(Beginning of DATA)

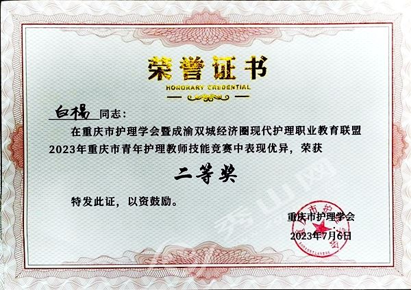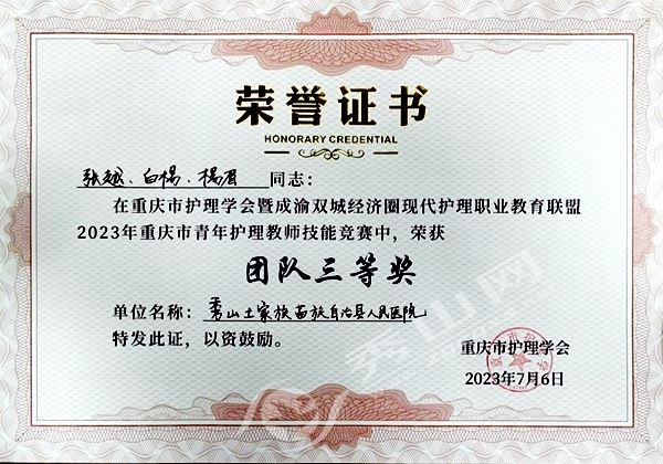 秀山网讯 日前,在2023年重庆市青年护理教师临床技能竞赛中,秀山县人民医院选派感染科白杨、呼吸与危重症医学科杨眉、重症医学科张越组成的秀山代表队荣获团体三等奖,是渝东南片区唯一获奖单位,也是参赛为数不多的二级甲等综合医院。此外,白杨获个人二等奖。
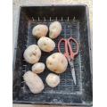 男爵(ジャガイモ)の芽出しのために浴光催芽を始めました。 基肥(草木灰、米糠)、耕耘、畝立てをしました。
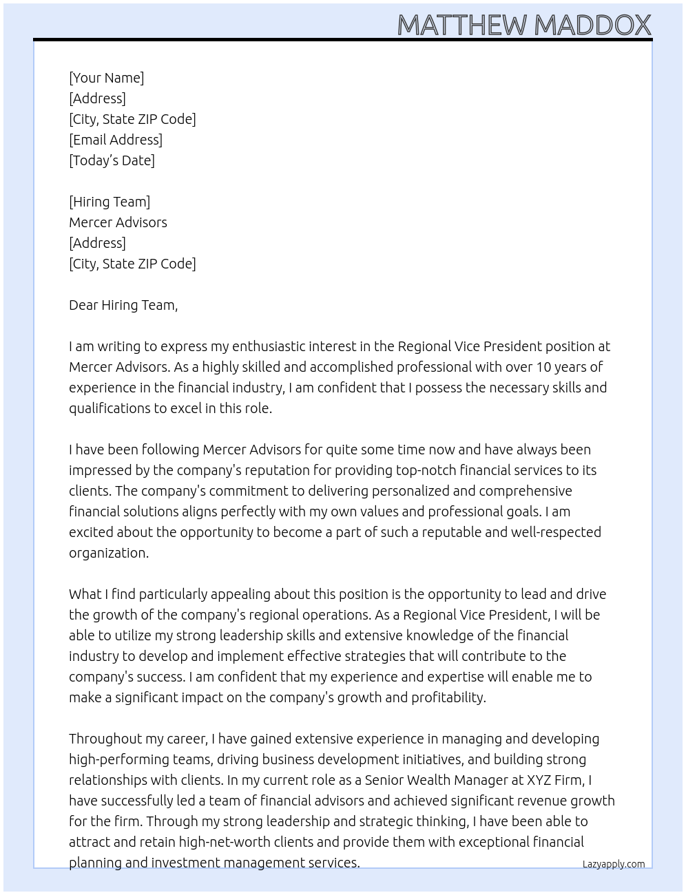 Check out these regional vice president cover letter sample and examples previously used by job seekers to land on job interviews as regional vice president. Use our AI cover letter generator to create a personalized cover letter as regional vice president.

(End of DATA)

▶ _WORK ITEM_:
Write every line above again exactly, but leave the pictures out.

▶ _OUTPUT_:
 秀山网讯 日前,在2023年重庆市青年护理教师临床技能竞赛中,秀山县人民医院选派感染科白杨、呼吸与危重症医学科杨眉、重症医学科张越组成的秀山代表队荣获团体三等奖,是渝东南片区唯一获奖单位,也是参赛为数不多的二级甲等综合医院。此外,白杨获个人二等奖。
 男爵(ジャガイモ)の芽出しのために浴光催芽を始めました。 基肥(草木灰、米糠)、耕耘、畝立てをしました。
 Check out these regional vice president cover letter sample and examples previously used by job seekers to land on job interviews as regional vice president. Use our AI cover letter generator to create a personalized cover letter as regional vice president.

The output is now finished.